Nucleosomes are instructive for transcription factor regulation. For all genes induced (A) or repressed (B) fourfold or more 20 min after glucose addition, all occurrences of the listed motifs in promoters of those genes were noted and the average change in nucleosome occupancy directly over that motif determined. Values range from −1, which denotes a motif fully occupied at 0 min that becomes fully unoccupied 20 min after glucose addition, to 1, which denotes a motif fully unoccupied at 0 min that becomes fully occupied at 20 min. The bar labeled “intergenic” is the average change in nucleosome occupancy over all (A) glucose-induced or (B) repressed promoters. Error bars designate SE. (C) All instances of the listed motifs present in gene promoters were subdivided into those in genes whose expression was repressed following glucose addition, unchanged after glucose addition or induced after glucose addition. For each subset for each motif, the average nucleosome occupancy directly over that motif prior to glucose addition is plotted, with values ranging from completely unoccupied (0) to fully occupied (1).

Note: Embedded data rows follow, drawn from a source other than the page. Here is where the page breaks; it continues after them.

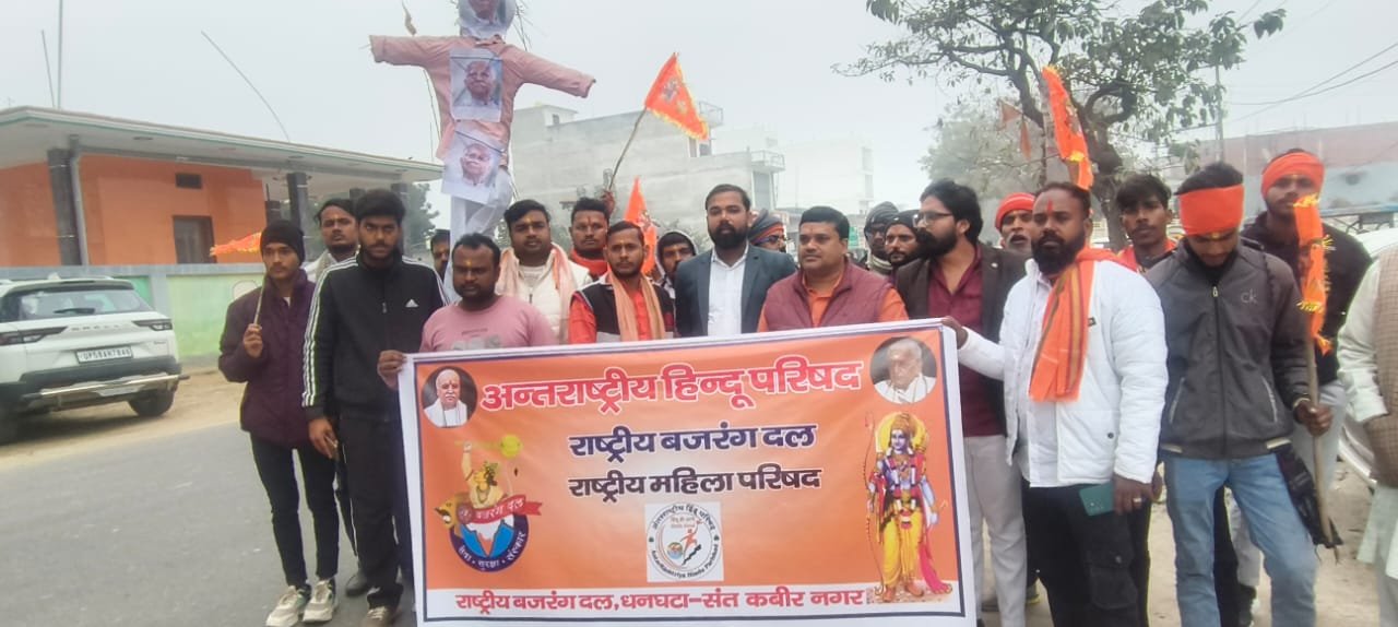 बांग्लादेश में हिंदुओं पर हो रहे कथित अत्याचार और हिंसक घटनाओं के विरोध में शनिवार को अंतरराष्ट्रीय हिंदू परिषद एवं राष्ट्रीय बजरंग दल के कार्यकर्ताओं ने धनघटा चौक पर जोरदार प्रदर्शन करते हुए प्रतीकात्मक पुतला दहन किया। प्रदर्शनकारियों ने नारेबाजी के माध्यम से बांग्लादेश में अल्पसंख्यक हिंदुओं की सुरक्षा सुनिश्चित करने की मांग उठाई।
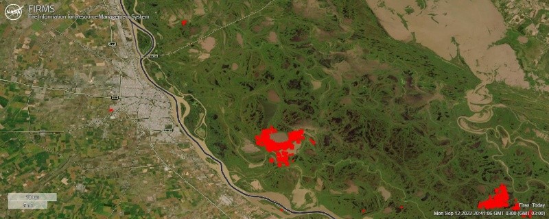 Este lunes por la noche, una recorrida del equipo periodístico del programa Telenoche Rosario (El Tres) encontró que un gran foco activo y a la vista desde Pellegrini y avenida Belgrano. Con estas llamas avanzando en las islas, el viento desde el este – noreste anunciado para este martes podría mantener las mismas condiciones al menos otra jornada más.
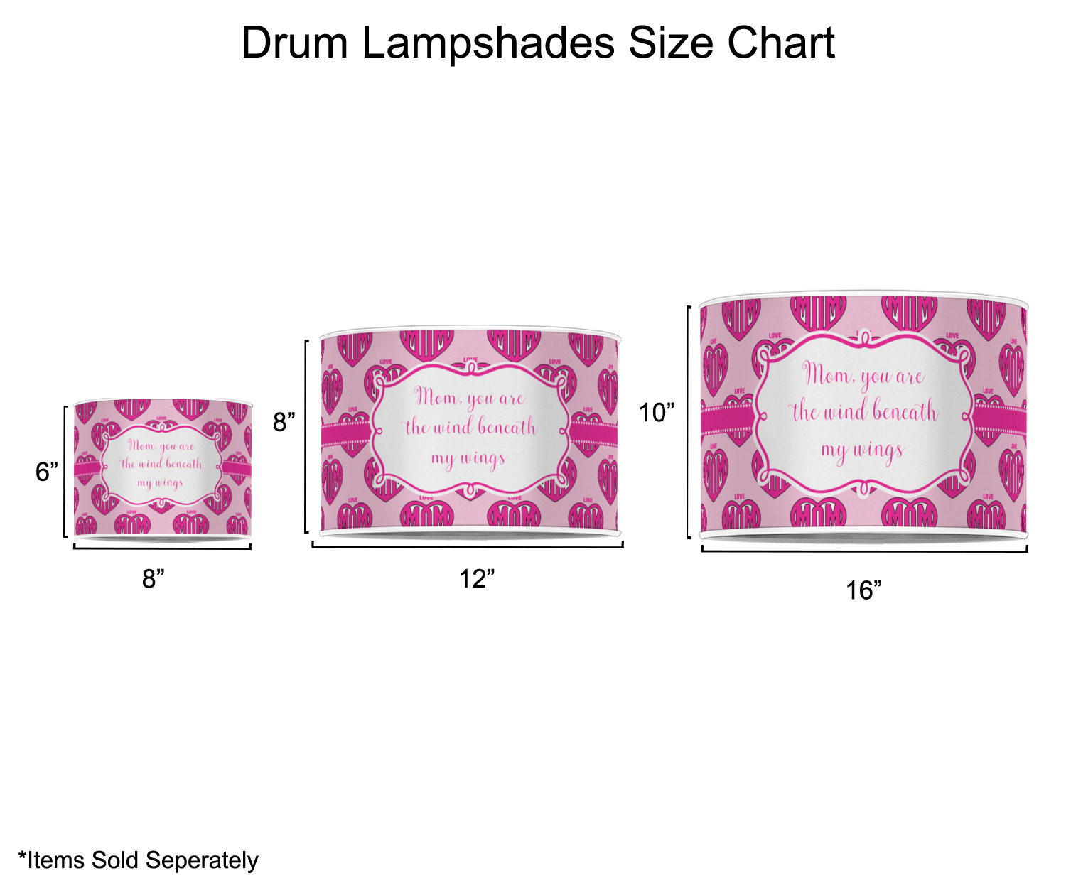 Our customized lamp shades also come in 3 different sizes: 8", 12" and 16", measuring at 8" in diameter by 6" tall, 12" in diameter by 8" tall, and 16" in diameter by 10" tall, respectively.
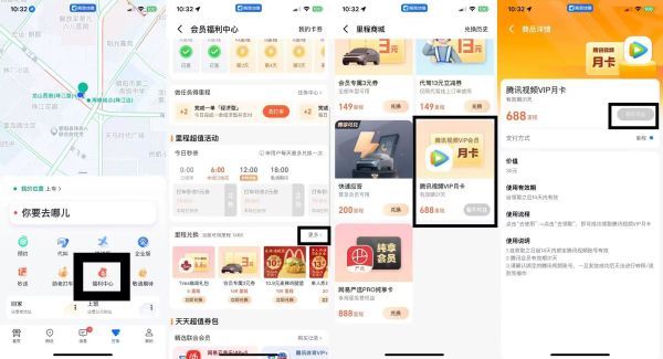 高德地图app-打车-福利中心-里程兑换-下拉688里程换腾讯视频月卡(授权腾讯视频领取 不是直充 可以借号撸)

Error bars designate SE. Transcription factor motifs are as follows: Cbf1, [CGT]CA[CG]GTG[AG][AC]; Gln3, [ACT]GATAAG[ACG]; PAC, CTCATC[GT]C; Rap1, A[CT]CC.ACA[CT]; Hap4, [ACG]CCA[AC]TCA; Mbp1, T.[AT]CGCGT[ACT]; Xbp1, [CT][CT]TCG[AC]G[AG][CGT]; Msn2/4, [ACG][AG][ACT]. GGGG or CCCCT[AGT]; Gcn4, TGACT[ACT]A. Motif definitions are as follows: A, CGC[AG]C[CT]C[AT]; B, the RRPE motif [ACG]AAANTTTT; C, [AGT][AT][AT]AAGGG; D, GATCN₃TGA[AG]; E, [CGT]TA[AT]ACGA.; F, [CGT]CCGN₅CC[ACG].